The three leading causes of death among workers were transportation accidents; slip, trip and fall incidents; and workplace violence. The first accounted for 2,077 deaths in 2017, the second for 887 and the third for 807. Workplace violence also led to some 29,000 injury cases where workers in the private industry lost time from work.

Moreover, workplace illnesses are killing an average of 95,000 workers every year: That comes to 275 workers every day in 2017. One watchdog group, Public Citizen, has called attention to heat stress. It has led to 815 worker deaths and over 70,000 injuries between 1992 and 2017.

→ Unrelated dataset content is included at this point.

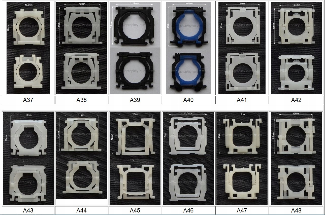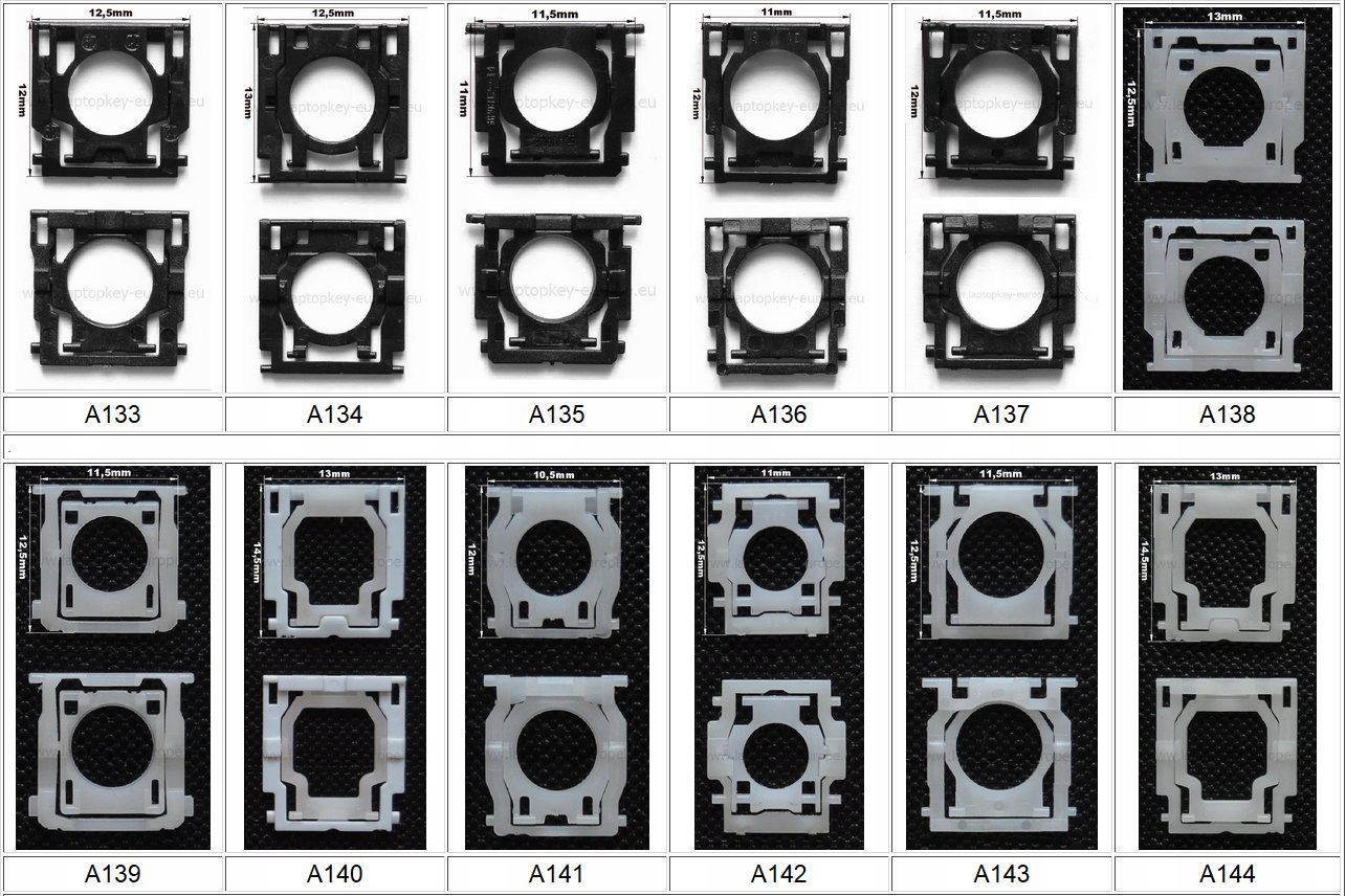 Предметом цієї пропозиції є середні кріплення для клавіш клавіатури. Ці фіксатори використовуються на стандартних клавішах, таких як цифри та цифри, а іноді й під великими клавішами. На кожній фотографії зображено однаковий гачок з обох сторін і два основних розміри з точністю до півміліметра. Кожен монтаж має свій унікальний номер, що дозволяє швидко оформити транзакцію. Після покупки напишіть у формі варіантів доставки або електронною поштою, яке саме кріплення відправити. Ціна вказана за одну штуку. Якщо у вас виникли проблеми з вибором, надішліть фото засувки або порожнього місця після ключа, і ми підберемо відповідний тип.

Another report, released by the National Council for Occupational Safety and Health, has called out 12 companies known for neglecting safe practices. This "Dirty Dozen" includes some of the world's most profitable companies.

Companies have a responsibility to keep their workers safe from harm, but they naturally cannot prevent all accidents from happening. Those who are injured through no fault of the employer's may still be covered for their medical bills and part of their lost wages; all they have to do is file a workers' compensation claim. Employers have a right to deny payment, though, especially if they can show that employees themselves were negligent, so victims may want a lawyer to assist them.